If Perry wishes to bask in the applause at his oh, so public prayer meeting, he needs to understand that he is now open to public criticism for his specifically theological views. Normally, I think it is a little unfair to expect politicians to speak like theologians. In 1960, also in Houston, then-Sen. John F. Kennedy delivered a famous speech about the separation of church and state to a group of Protestant ministers. I have been critical of some aspects of that speech, and decidedly critical of some of the consequences of that speech. But, it is important to remember that Kennedy’s speech was a campaign speech, not a theological discourse. He was running to President of the United States, not Archbishop of Washington. Kennedy’s predecessor, Dwight Eisenhower, famously expressed his view on the relationship of religion and politics saying, “In other words, our form of government has no sense unless it is founded in a deeply felt religious faith, and I don't care what it is.” Again, not exactly the kind of remark designed to get an A in a theology course but, again, Eisenhower did not harbor religious pretensions.

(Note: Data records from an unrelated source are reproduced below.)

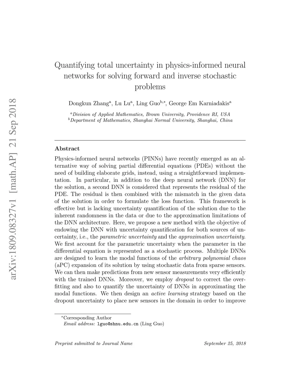 Physics-informed neural networks (PINNs) have recently emerged as an alternative way of solving partial differential equations (PDEs) without the need of building elaborate grids, instead, using a straightforward implementation. In particular, in addition to the deep neural network (DNN) for the solution, a second DNN is considered that represents the residual of the PDE. The residual is then combined with the mismatch in the given data of the solution in order to formulate the loss function. This framework is effective but is lacking uncertainty quantification of the solution due to the inherent randomness in the data or due to the approximation limitations of the DNN architecture. Here, we propose a new method with the objective of endowing the DNN with uncertainty quantification for both sources of uncertainty, i.e., the parametric uncertainty and the approximation uncertainty. We first account for the parametric uncertainty when the parameter in the differential equation is represented as a stochastic process. Multiple DNNs are designed to learn the modal functions of the arbitrary polynomial chaos (aPC) expansion of its solution by using stochastic data from sparse sensors. We can then make predictions from new sensor measurements very efficiently with the trained DNNs. Moreover, we employ dropout to correct the over-fitting and also to quantify the uncertainty of DNNs in approximating the modal functions. We then design an active learning strategy based on the dropout uncertainty to place new sensors in the domain to improve the predictions of DNNs. Several numerical tests are conducted for both the forward and the inverse problems to quantify the effectiveness of PINNs combined with uncertainty quantification. This NN-aPC new paradigm of physics-informed deep learning with uncertainty quantification can be readily applied to other types of stochastic PDEs in multi-dimensions.
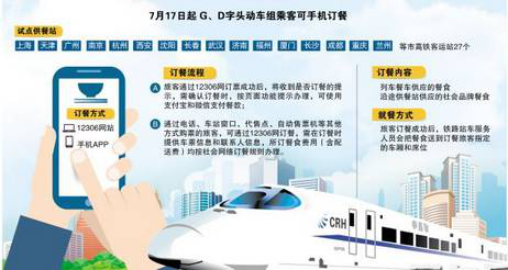 高铁的开通方便了人们的日常出行,也给我们外地出差、旅游时选择交通工具提供了另一种选择。有些小伙伴不习惯高铁餐,没关系,从7月17日起,动车组列车可在网上订餐啦,乘坐G、D字头的动车组列车出行的旅客,可以通过12306网站、手机APP等方式预订所乘列车餐车供应的餐食,也可预订沿途供餐站供应的社会品牌餐食。
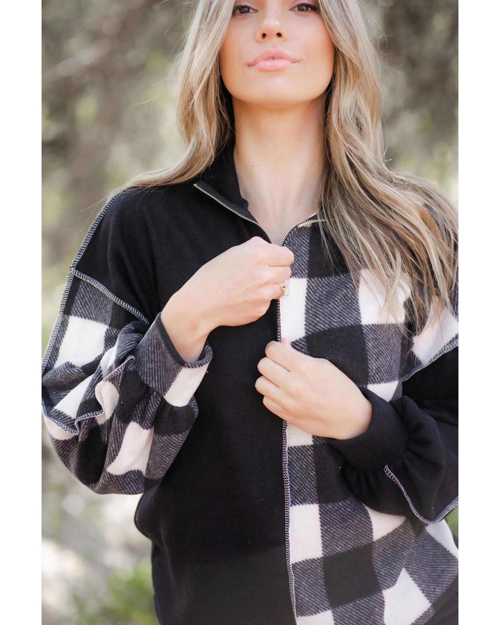 Black Checkboard Patchwork Exposed Stitching Collared Top – M
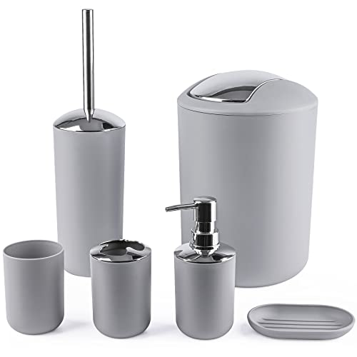 Papillon Bathroom Accessories - 6 Piece Plastic Gift Toothbrush Holder,Toothbrush Cup,Soap Dispenser & Dish,Toilet Brush Holder,Trash Can,Tumbler Straw Set (Gray)
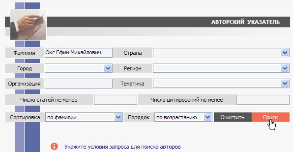 В качестве примера набираем Ф.И.О. моего любимого автора – Окса Ефима Михайловича – зав. кафедрой физики ТУСУРа, уже неоднократно упоминавшегося на этом сайте только с положительной стороны, а затем жмём кнопку "Поиск" (рис. 3).
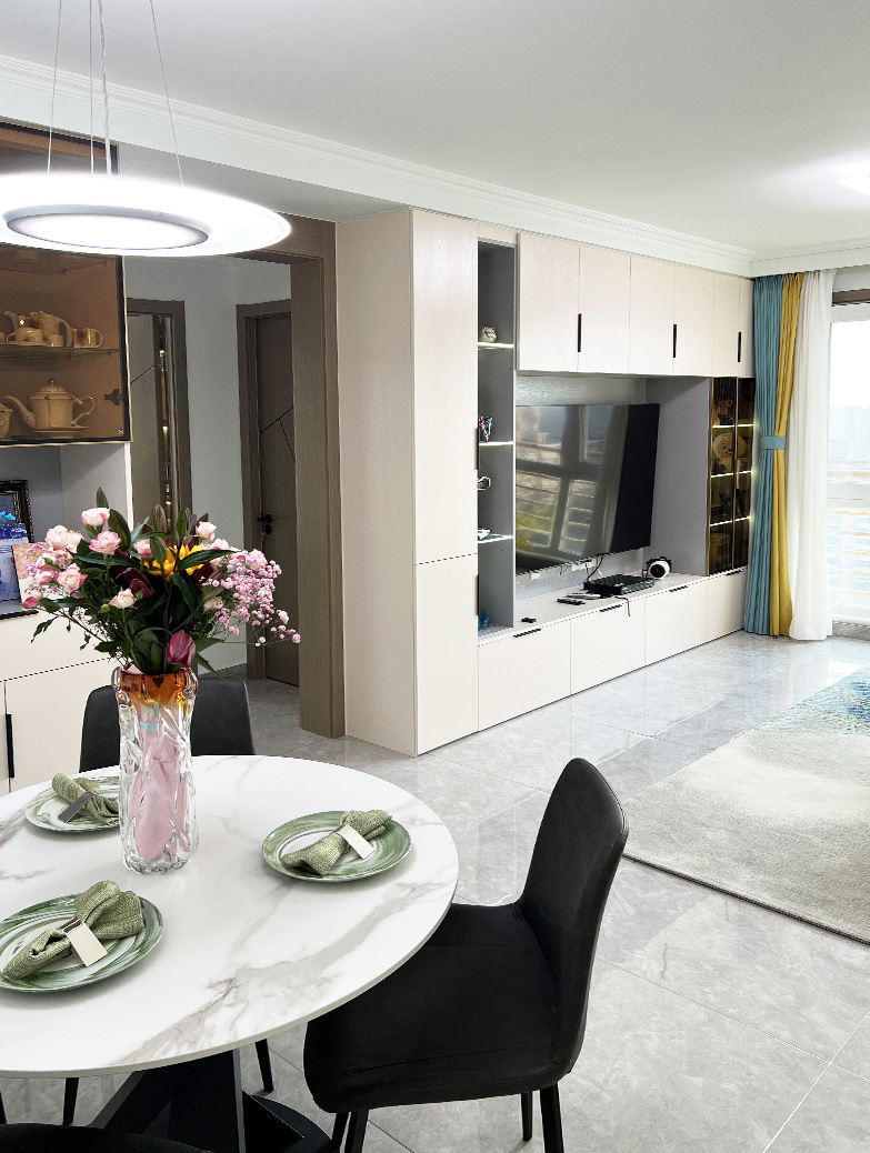 设计师将原来带贵妃榻的转角沙发更换为三人位一字型沙发,给小外孙女留出了更多的活动空间,定制电视柜和定制餐边柜集储物,展示功能于一体,使客餐厅空间更加宽敞,干净明亮。
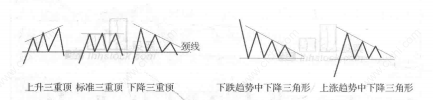 那么如果出现在下降趋势中,出现三个反弹高点,则不能称为三重顶了,因为它的前面有高点,如果三个顶逐个降低,只能称为下降三角形,而且是下跌趋势中的下降三角形。
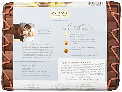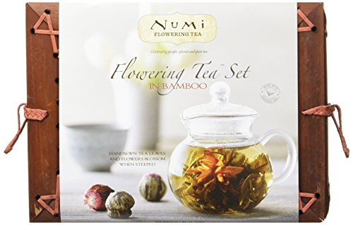 Numi Organic Tea Flowering Gift Set in Handcrafted Mahogany Bamboo Chest: Glass Teapot & 6 Flowering Tea Blossoms
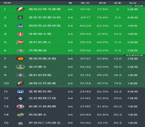 随着雷霆6连胜,掘金被三分绝杀,西部最新排名出炉!勇士第8不稳
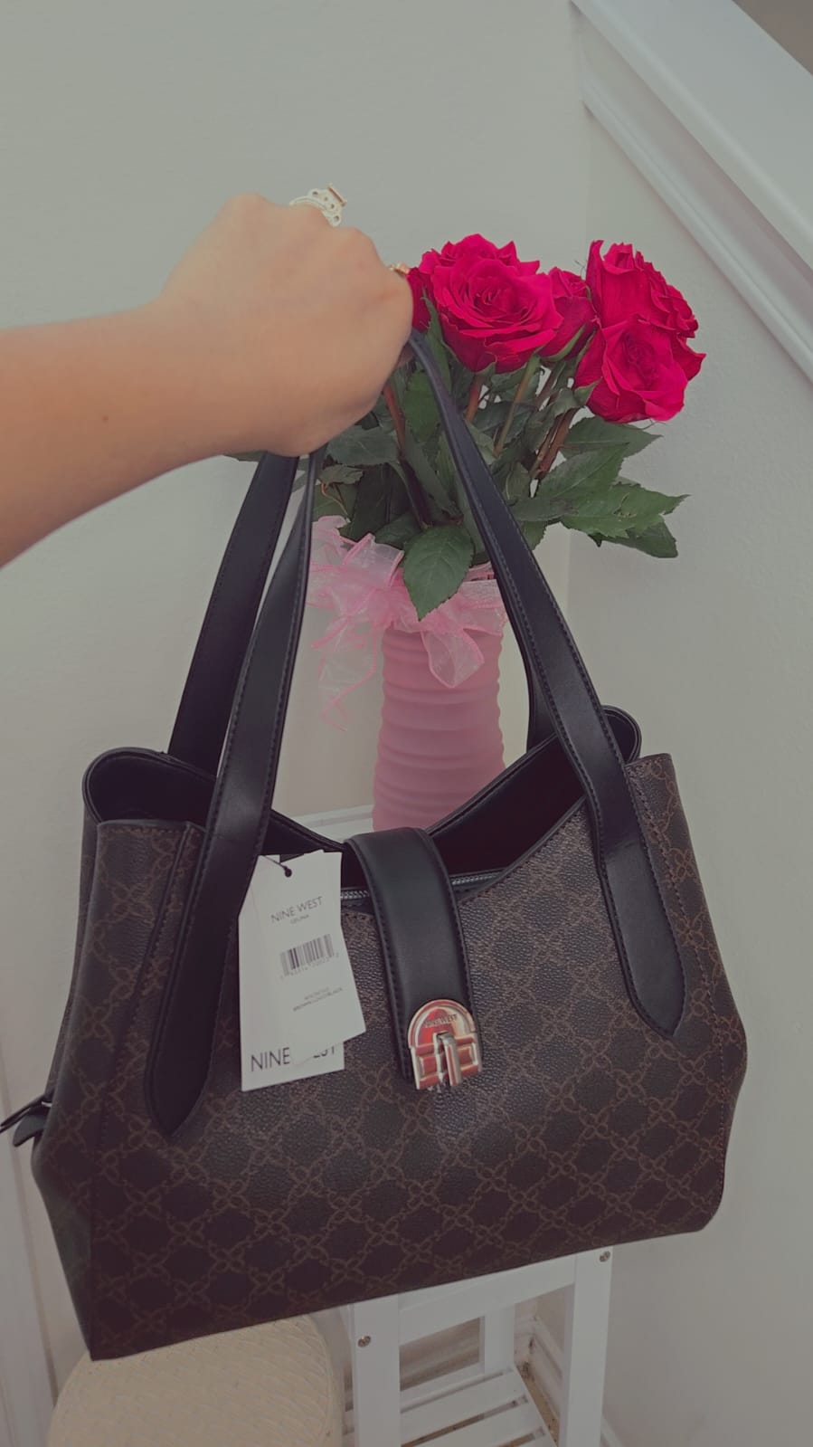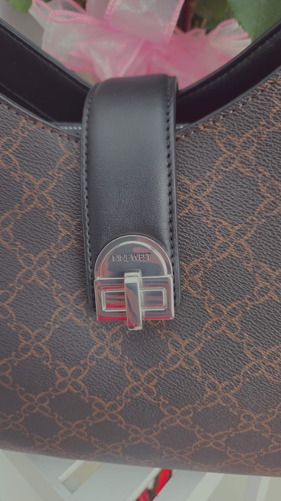 Su estructura firme y espaciosa permite llevar todos tus esenciales del día a día —celular, billetera, maquillaje y más— sin perder el estilo. El cierre metálico frontal con logo Nine West añade un toque sofisticado, mientras que las asas dobles ofrecen comodidad para llevarla al hombro o en la mano.

Hosting a prayer summit, alas, suggests a certain religious pretension. Still, I was surprised that Perry asked God’s forgiveness for, among other things, “fear in the marketplace.” And, here is Perry’s difficulty: He espouses – and he surrounds himself with others who espouse – a shockingly superficial theology in which he names a problem or articulates a goal, finds a biblical proof text that has some, often a tangential, relationship to what he is talking about, and – voila! Jesus is going to forgive you your fear in the marketplace. America will be judged by how it treats Israel. (It is one of the most delicious of public ironies that the same Christian conservatives who defend Israel for religious reasons of their own are the same people who denounce European socialism, in blissful ignorance of the complicating fact that Israel was founded by European socialists.) God wishes the state to punish gays because the Bible says so, albeit just after the Bible also forbids the eating of shellfish and pork.

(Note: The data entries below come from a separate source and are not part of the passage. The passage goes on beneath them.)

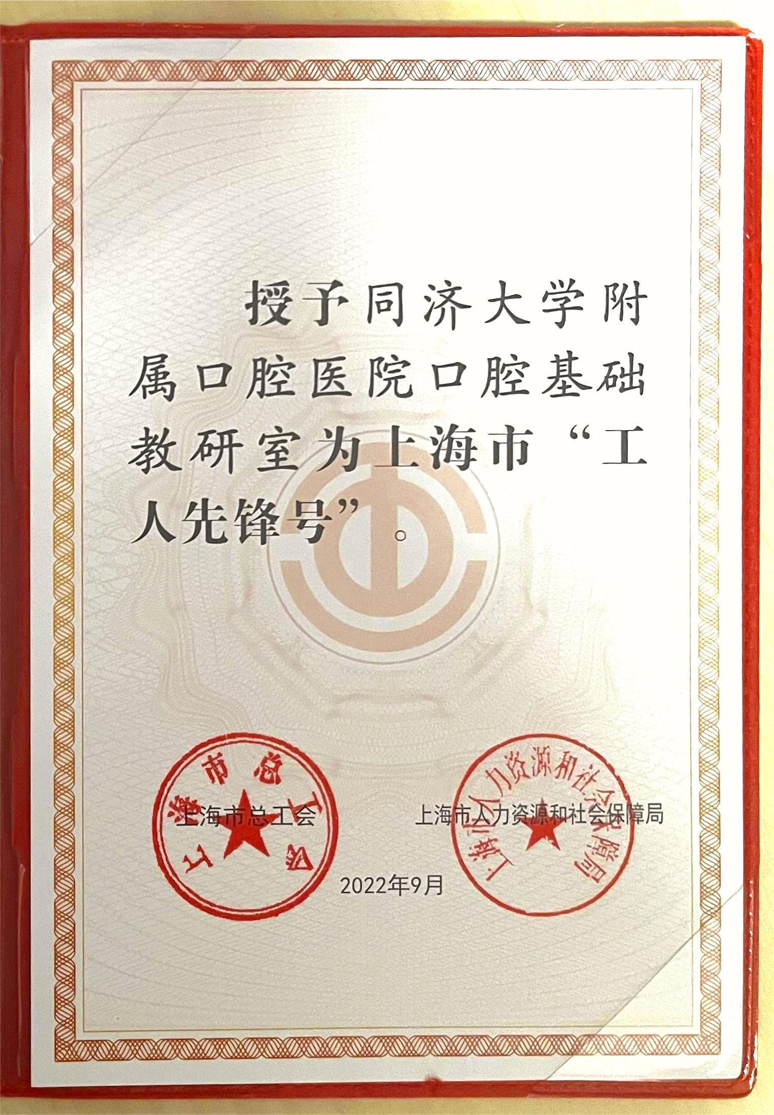 9 月 27 日,上海市“五一劳动奖章”表彰大会在上海市展览中心隆重举行,太阳集团官网口腔基础教研室、青年护理突击队荣获“上海市工人先锋号”称号。
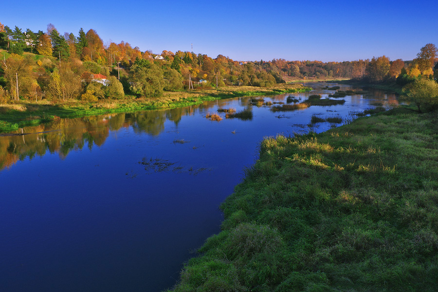 Вид с моста на юго-восточную окраину Рузы и реку, давшую городу своё имя. Тихий погожий октябрьский вечер. Солнце уже
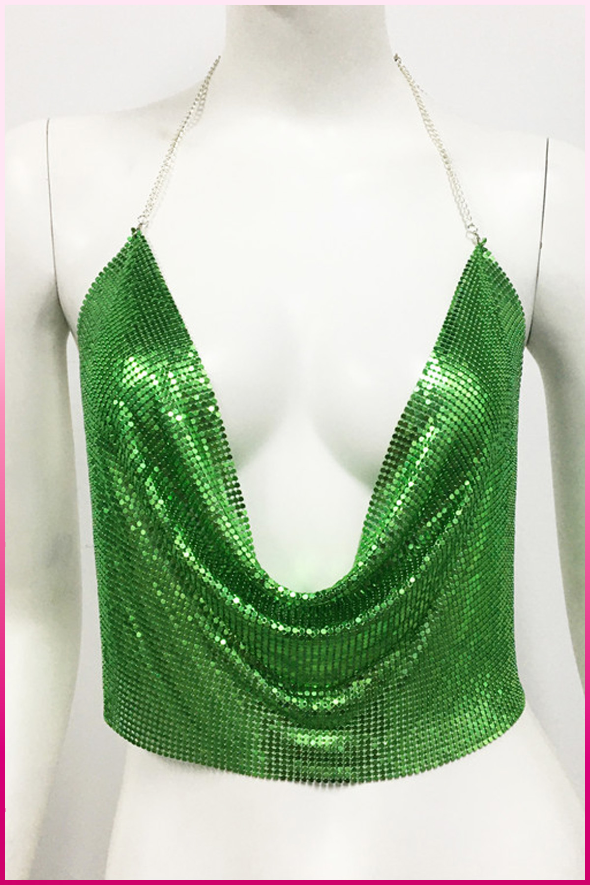Kristal Yeşil Taşlı Parlak Crop & Bluz Kolsuz Kayık Yaka Parti Plaj Büstiyer
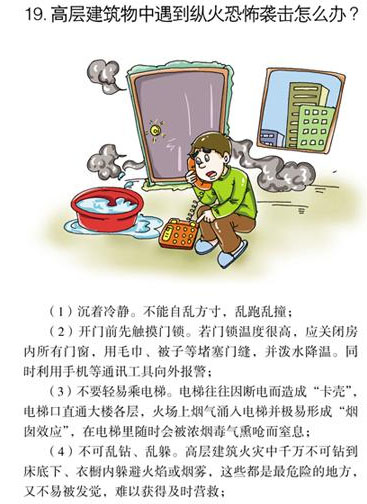 公民防范恐怖袭击手册:高层建筑物中遇到纵火恐怖袭击怎么办?
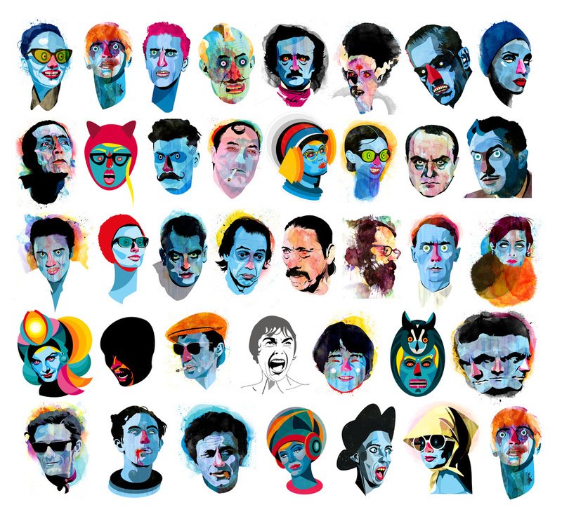 This illlustration brings many iconic faces together for one big head party. What relation do these heads have with one another? Not much, but they are fun to look at.
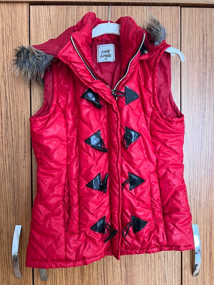 Kırmızı, kürklü detaylı, nakış işlemeli, suni kumaştan yapılmış, kolsuz, normal midi boyda, dar kesim kadın yelek. Rahat sokak tarzı için uygundur. 38-40 uyumludur. Defo olarak arka kısmında hafif cizik vardır. Fiyata yansıtılmıştır.

In the long history of our Republic, religion has often been abused for political gain, and not only by Republicans. It was a Democrat, William Jennings Bryan, who sought an end to the gold standard by demanding that the nation not be nailed to a “cross of gold.” And it was Hubert Humphrey, who did as much as almost anyone in the twentieth century to advance social justice, who took as his campaign theme song during the 1960 primaries against Kennedy “Give me that old time religion.” Conversely, there is not an American theologian, living or dead, Catholic or Protestant, who has better captured the inscrutable nature of God than Abraham Lincoln did in his second Inaugural Address.

Governor Perry – You are no Lincoln. You are also no Niebuhr. Normally, it is unfair to compare a politician to the latter, but you have invited the comparison. Your theological views are now fair game. That is not only my problem with Saturday’s prayerfest. It is Perry’s problem.